Blind S3 to SFTP Copies

alan113696 · April 28, 2020, 3:08pm

Looking for some recommendations on a unique file transfer scenario. The source is a S3 bucket with date folders (e.g., "2020-04-28") and new files are written throughout the day every day. The destination is a SFTP endpoint where new files are immediately moved to a different location when transfer is complete. This means that the destination filesystem cannot be used to maintain the state of file transfers (i.e., blind copies). The goal is to periodically transfer new files to the destination, and provide a way to redo files that failed.

I can probably write a script to periodically "detect" new files, but does rclone provide a clever way to do this? Once a list of new files is generated, would using --files-from be an efficient way to transfer the files using rclone?

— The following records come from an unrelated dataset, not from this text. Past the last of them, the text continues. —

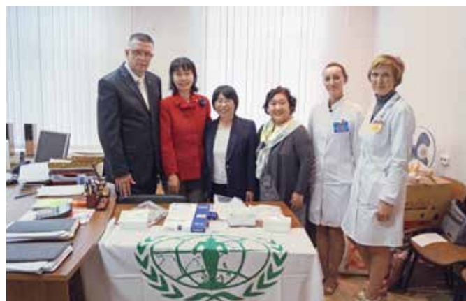
Donation of Medical Materials

WFWP established a Health Education Center in a school in which primary and secondary education are combined in the
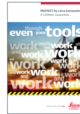
PROTECT by Leica Geosystems Brochure
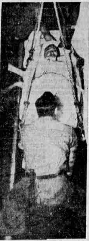
Capt. Dixie Keifer, USN, Kansas City, Mo. (since elevated to commodore), is raised through torpedo hatch on stretcher for transfer to hospital ship from Tinian, Saipan, after surviving blistering kamikaze attack off Formosa Jan. 21. Capt. Keifer, wounded 65 times in the attack, refused to leave bridge until fires were under control 12 hours after attack, then walked to sick bay until transfer.
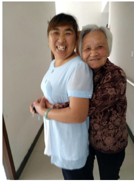
Thankful for all things.
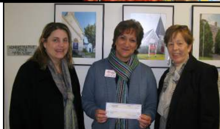
(Pictured right) Nashoba Nursing Service & Hospice presented our Executive Director with a very generous donation this holiday season!

291 families received all of the fixings for their holiday meal.
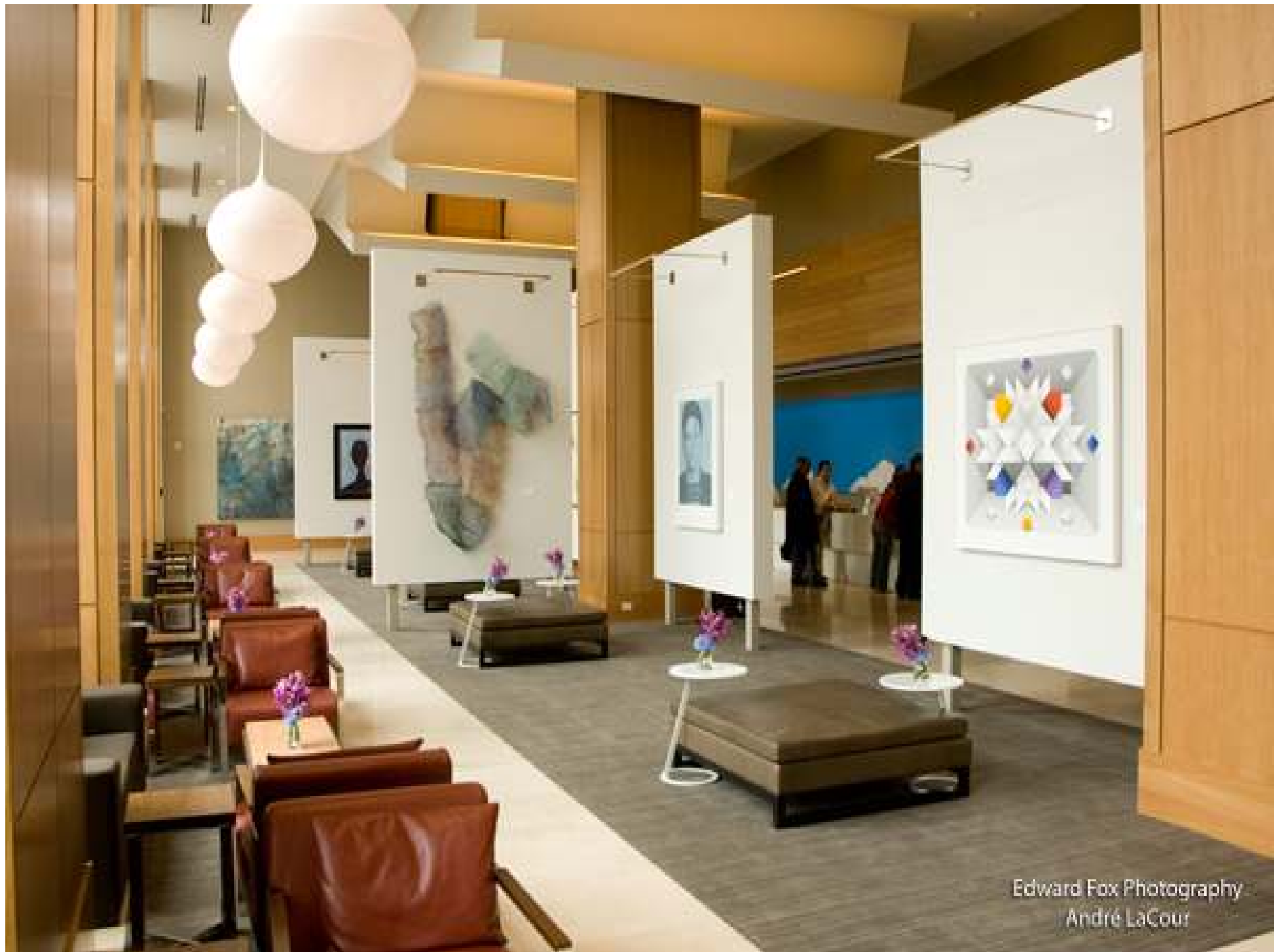
Edward Fox Photography André LaCour

How can I capture failures, so that I might manually redo them later?

When using SFTP as a destination, is it possible to transfer files without the directory? For example, if the source file is "2020-04-28/unique.jpg", then transfer to destination as "unique.jpg". All of my files have unique names, so there is no chance of conflict.

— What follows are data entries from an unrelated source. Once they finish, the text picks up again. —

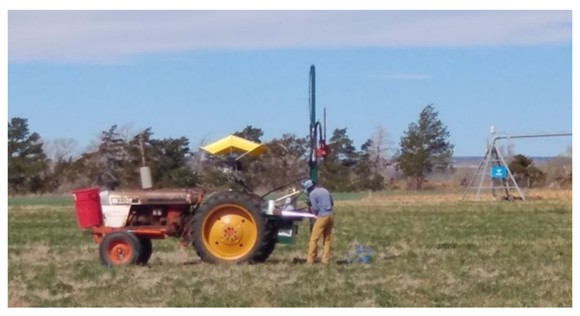
Collecting Soil Samples

Impact: Excessive nitrogen content in treated municipal wastewater that could otherwise be used for agricultural irrigation is a common issue for New Mexico water treatment plants. In addition to being a more environmentally friendly method to dispose of the water, its reuse through low application rate/frequent application irrigation could reduce the amount of inorganic nitrogen fertilizers required to maximize the production of corn and sorghum forage crops.
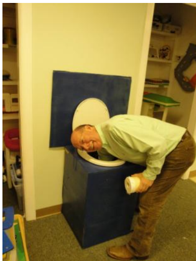
Trunk or Treat October 31, 2011
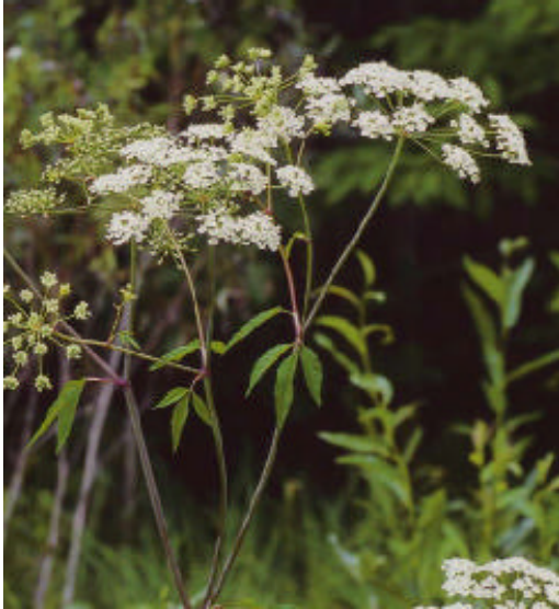
Water Hemlock ( Cicuta maculata ) Information: Foster, 70-71, Tekiela, 293

Large perennial grows 3-6' tall in sunny, wet ditches and wet meadows. Flowers are white flat clusters that bloom in summer and fall. Leaves are compound with lower leaves being larger than upper leaves.

asdffdsa · April 28, 2020, 3:36pm

hello and welcome to the forum,
if would be helpful if you post using the question template, as you woul be asked from basic questions.
like what is your operating system?

if you want to copy all the files from a folder and subfolders you can do this
i am no linux expert and there might be a better way

source=/mnt/c/path/to/local/folder
dest=remote:
rclone lsf --files-only -R $source > source.txt
for f in `cat source.txt`
do 
rclone copy $source/$f $dest/ -vv
done

alan113696 · April 28, 2020, 3:47pm

Apologies for not using the question template! I would be running rclone from Linux. I will review your suggested approach.

ncw · April 29, 2020, 9:34am

You can use the --max-age flag to only report files which are less than 1h old say - that could be part of the solution.

If you don't mind sometimes copying the files more than once you could (say) run this on the crontab once an hour.

rclone copy --max-age 1h10m s3:bucket sftp:server

Note the 10m overlap - decrease to decrease chance of copying twice but increase chance of not copying at all!

If you want to make a list of all files in the bucket then do

rclone lsf --files-only s3:bucket > files

You could script this, say you had an old-files from your last transfer then you could run this to discover new files which had been transferred.

rclone lsf --files-only s3:bucket > files
comm -13 old-files files > new-files

You can then transfer them like this

rclone copy --files-from new-files s3:bucket sftp:path

Then finally you'd do

mv files old-files

Not currently. If you search the forum and issues you'll see discussion of the --flatten flag which is what you'd need.

You'd probably need to fix that up in the copy phase - stealing @calisro 's shell script

for f in `cat new-files`
do 
rclone copyto s3:bucket/${f} sftp:$(basename $f) -vv
done

Note that it would be more efficient not to stop and start rclone lots of times as it will do the sftp negotiation each time so using rclone rcd and rclone rc operations/copyfile would be more efficient but that can be for phase 2!

alan113696 · April 29, 2020, 1:51pm

@ncw The strategy of capturing state using new-files/old-files will work for me, and I like the rclone rcd idea!

With respect to rclone rcd mode, does the daemon work on all async jobs in parallel, or can I control it so that only one job is worked at a time, but additional jobs are queued? Also, how do you control per job parallel transfers (i.e., --transfers) - would I use a options/set command? In my case, due to limited bandwidth, I would only want a fixed number of transfers to be active at once.

ncw · April 30, 2020, 7:47am

You can submit jobs synchronously or asynchronously - see the _async flag in the docs.

If you submit them asynchronously then the rc will not obey --transfers and will transfer as many jobs as you submit at once! Maybe it should obey --transfers - I'm not sure.

You'll have to control this yourself for the moment... You could always set --bwlimit to fix the upper bandwidth useable?

system · May 3, 2020, 7:47am

This topic was automatically closed 3 days after the last reply. New replies are no longer allowed.